内田樹『村上春樹にご用心』(アルテスパブリッシング)


本著に拠れば村上春樹の物語に通底するテーマは、
世の中には「邪悪なものが存在する」ということです。

村上春樹は、人々が「邪悪なもの」によって無意味に傷つけられ、損なわれる経験を淡々と記述し、そこに「何の意味もない」ことを、繰り返し、執拗に書き続けてきた。(『村上春樹にご用心』210ページ)

邪悪なものが私たちを損なう、というのはよくあることです。
そして、たいていの場合、その邪悪なものが私たちを損なうことに何も意味はありません。私たちが「未熟だから」とか、「過去に罪を犯したから」とか、そういった理由で私たちが損なわれるわけではないのです。

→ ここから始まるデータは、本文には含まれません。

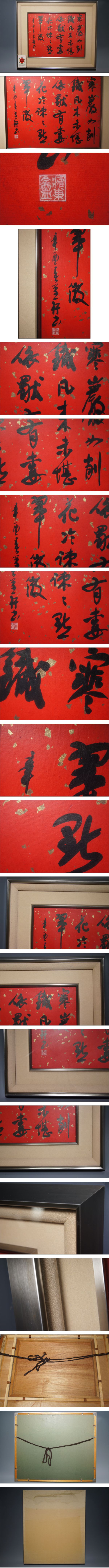 真贋保証■大野篁軒■ 肉筆 書額 漢詩 書家 書壇院会長 埼玉県飯能 近藤秋篁に師事 赤 金箔 | ||||||||||||||||||

邪悪な人間というのは、残念ながら世の中に現われます。しかも、そういった人は「仮面ライダー」や「プリキュア」の物語の中に出てくるような解りやすい形では存在しません。邪悪な人間というのは、その100%が邪悪なのではなく、その一部分だけが(しかし決定的に)邪悪なのです。ですから、一見すると、普通の人・いい人のように見える人が、時として邪悪な人間として立ち現われてしまうのです。

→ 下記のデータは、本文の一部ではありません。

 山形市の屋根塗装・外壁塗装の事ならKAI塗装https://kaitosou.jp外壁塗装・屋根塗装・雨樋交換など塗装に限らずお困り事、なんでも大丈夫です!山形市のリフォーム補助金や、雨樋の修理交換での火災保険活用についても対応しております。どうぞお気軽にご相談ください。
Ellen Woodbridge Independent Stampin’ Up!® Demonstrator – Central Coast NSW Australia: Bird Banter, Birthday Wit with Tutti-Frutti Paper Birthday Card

また、邪悪なのは何も人間だけではありません。世の中に存在する仕組みやシステムの中には、やはりその一部分が決定的に邪悪なものがあります。そういった仕組みやシステムは、私たちに何らかの恩恵をもたらすものでもあるのですが、実は私たちを損なうものでもあるのです。

『1973年のピンボール』という物語の中には、前足を万力のようなもので潰された飼い猫の話が登場します。

「そうさ、猫の手を潰す必要なんて何処にもない。とてもおとなしい猫だし、悪いことなんてなにもしやしないんだ。それに猫の手を潰したからって誰が得するわけでもない。無意味だし、ひどすぎる。でもね、世の中にはそんな風な理由もない悪がたくさんあるんだよ。あたしにも理解できない、あんたにも理解できない。でもそれは確かに存在しているんだ。取り囲まれてるって言ったっていいかもしれないね。」(『1973年のピンボール』91〜92ページ)

私たちもそれは同じかもしれません。しかし、意味も無く私たちを傷つける悪意が世の中のどこかにあることを知っている人の立ち居振る舞いは、そういったことを知る由も無い人のそれと、異なります。無駄かもしれないけど、安全を積み増しする手仕事を惜しまない人は、そのような邪悪なものに対する危機の予感の中に生きている人でしょう。

そういう人は、地道な手間仕事の大切さを知っているからこそ、「『気分のよいバーで飲む冷たいビールの美味しさ』のうちにかけがえのない快楽を見出すことができる」のであり、毎日の何気ない出来事を大切に出来るのだと思います。